#### [Work instruction]
Give back, unaltered, the lines from the one with "座谈会上,中国建筑西北设计研" to the end of the material, omitting pictures.

#### [Given data]
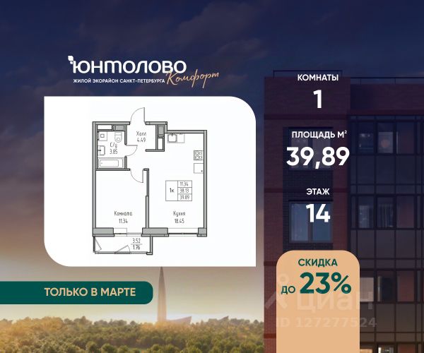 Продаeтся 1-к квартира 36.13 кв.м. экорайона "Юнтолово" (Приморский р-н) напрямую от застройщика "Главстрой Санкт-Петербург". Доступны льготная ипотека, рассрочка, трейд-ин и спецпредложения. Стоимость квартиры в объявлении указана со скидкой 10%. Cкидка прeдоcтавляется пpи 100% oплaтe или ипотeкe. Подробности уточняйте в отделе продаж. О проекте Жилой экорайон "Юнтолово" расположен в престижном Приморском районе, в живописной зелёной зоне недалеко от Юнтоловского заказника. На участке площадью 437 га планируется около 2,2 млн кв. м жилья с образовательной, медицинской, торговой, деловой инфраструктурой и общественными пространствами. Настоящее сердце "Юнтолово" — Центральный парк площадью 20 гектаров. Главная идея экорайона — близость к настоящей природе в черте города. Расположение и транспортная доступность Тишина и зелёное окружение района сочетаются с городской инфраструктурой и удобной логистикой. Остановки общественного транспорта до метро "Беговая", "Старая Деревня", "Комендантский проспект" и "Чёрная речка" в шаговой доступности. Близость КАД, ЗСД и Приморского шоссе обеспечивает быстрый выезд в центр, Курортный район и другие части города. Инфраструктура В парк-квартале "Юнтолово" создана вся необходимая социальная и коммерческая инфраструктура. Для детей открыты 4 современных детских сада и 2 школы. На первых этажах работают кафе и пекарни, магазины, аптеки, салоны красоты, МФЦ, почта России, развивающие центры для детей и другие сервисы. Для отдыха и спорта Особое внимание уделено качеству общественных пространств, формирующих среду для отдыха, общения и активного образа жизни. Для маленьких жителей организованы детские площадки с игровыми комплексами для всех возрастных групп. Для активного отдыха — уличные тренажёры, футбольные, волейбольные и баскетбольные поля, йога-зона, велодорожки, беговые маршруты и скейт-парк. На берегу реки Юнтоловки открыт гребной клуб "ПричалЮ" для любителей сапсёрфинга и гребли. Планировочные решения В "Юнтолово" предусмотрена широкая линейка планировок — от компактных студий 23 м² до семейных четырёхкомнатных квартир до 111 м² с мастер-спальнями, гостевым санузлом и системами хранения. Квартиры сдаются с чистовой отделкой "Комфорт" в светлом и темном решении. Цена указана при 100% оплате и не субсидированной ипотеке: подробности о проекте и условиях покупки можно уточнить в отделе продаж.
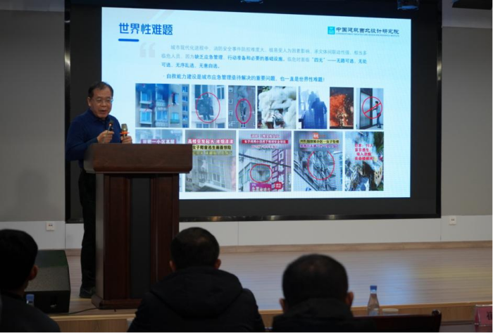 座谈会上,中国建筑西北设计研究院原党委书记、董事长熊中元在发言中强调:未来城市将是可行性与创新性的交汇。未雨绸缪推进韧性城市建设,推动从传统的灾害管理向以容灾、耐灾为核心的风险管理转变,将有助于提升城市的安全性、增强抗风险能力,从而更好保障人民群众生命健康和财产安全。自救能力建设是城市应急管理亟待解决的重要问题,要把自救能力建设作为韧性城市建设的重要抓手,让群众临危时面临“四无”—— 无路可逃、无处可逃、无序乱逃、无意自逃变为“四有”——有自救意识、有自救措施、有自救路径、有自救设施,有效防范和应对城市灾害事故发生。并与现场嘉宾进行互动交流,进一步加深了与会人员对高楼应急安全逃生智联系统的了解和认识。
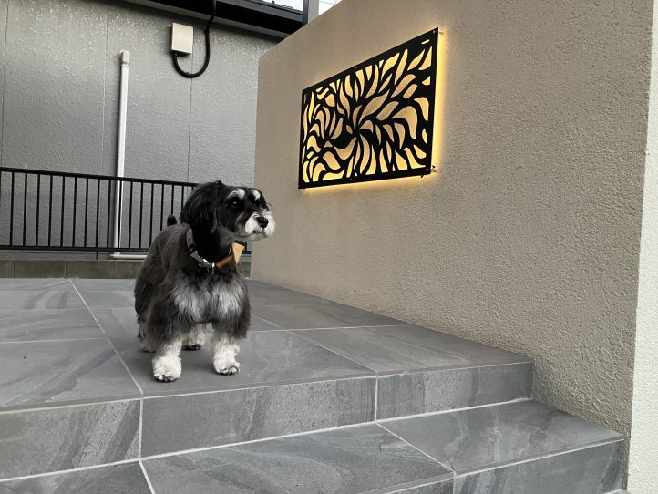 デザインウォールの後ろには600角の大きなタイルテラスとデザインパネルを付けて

#### [Expected answer]
 座谈会上,中国建筑西北设计研究院原党委书记、董事长熊中元在发言中强调:未来城市将是可行性与创新性的交汇。未雨绸缪推进韧性城市建设,推动从传统的灾害管理向以容灾、耐灾为核心的风险管理转变,将有助于提升城市的安全性、增强抗风险能力,从而更好保障人民群众生命健康和财产安全。自救能力建设是城市应急管理亟待解决的重要问题,要把自救能力建设作为韧性城市建设的重要抓手,让群众临危时面临“四无”—— 无路可逃、无处可逃、无序乱逃、无意自逃变为“四有”——有自救意识、有自救措施、有自救路径、有自救设施,有效防范和应对城市灾害事故发生。并与现场嘉宾进行互动交流,进一步加深了与会人员对高楼应急安全逃生智联系统的了解和认识。
 デザインウォールの後ろには600角の大きなタイルテラスとデザインパネルを付けて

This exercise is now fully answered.